First, I want to thank the Crook County Natural Resources Planning Committee which has been relentless about keeping this issue at the forefront of local conversations about how we are going to grow and develop as a community. There is so much on the plates of all local governments in these busy times that without a champion, these issues could easily get pushed aside. As long as the Natural Resource Planning Committee is around, I am confident that won’t happen.

Secondly, I would like to thank the water subcommittee of the Natural Resources Planning Committee. Those people are the ones who have organized the venue, planned the speakers, sent out the invitations and otherwise donated their time to make this come together today.

Lastly, I would like to thank a very special person: Sarah Thomas. Without Sarah, none of us would be here today at this event. It was Sarah who pushed—relentlessly and often annoyingly—for the creation of this committee. It has been Sarah who has kept pounding on the desks of the policymakers in our community that water matters. It is Sarah who carries the torch for the environment in my world, mainly because she does so in a way that is positive, humourous and still passionate.

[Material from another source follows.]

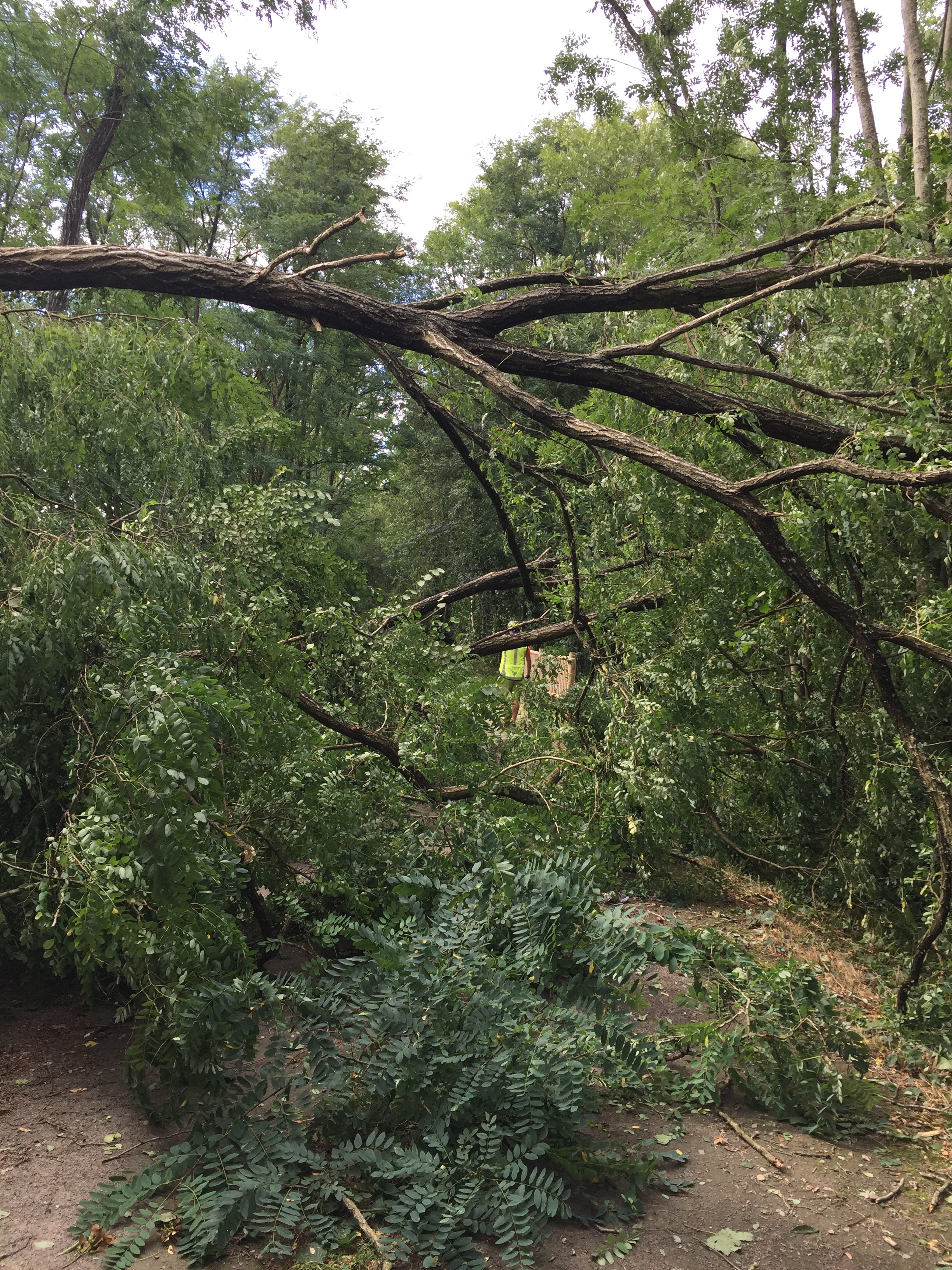 Il y a de temps en temps des branches qui jonchent le sol. Il a dû y avoir un coup de vent récemment.

Make no mistake: in the government we have today, passion is still a major currency. The French philosopher La Rouchefocauld observed as far back as 1665, “The simplest person who has passion will be more persuasive than the most eloquent person who has none.” In this era of 24-7 news and instant information via the internet, many of us are beginning to feel fatigued by excess information and lot’s of theory which occupies our time and consumers lots of paper but never seems to move us toward real solutions. What is lacking is the passion that La Rouchefocauld so admired.

What brings you here today is your passion: passion for the land, passion for the water and passion for the people who rely on the land and the water. People like Sarah are making a difference, not because they have PhDs or remarkable and intricate and elegant conservation schemes but simply because they combine the knowledge they have with a passion for results.

I hope when you walk out of here today, you will feel that your time has been well spent. I hope you will see a way to convert passion into progress. Most of all, I hope you will feel a little closer to this great place we call home, and understand what you and we collectively can do to save it for the next generation.

Thanks for coming,and have a good summit.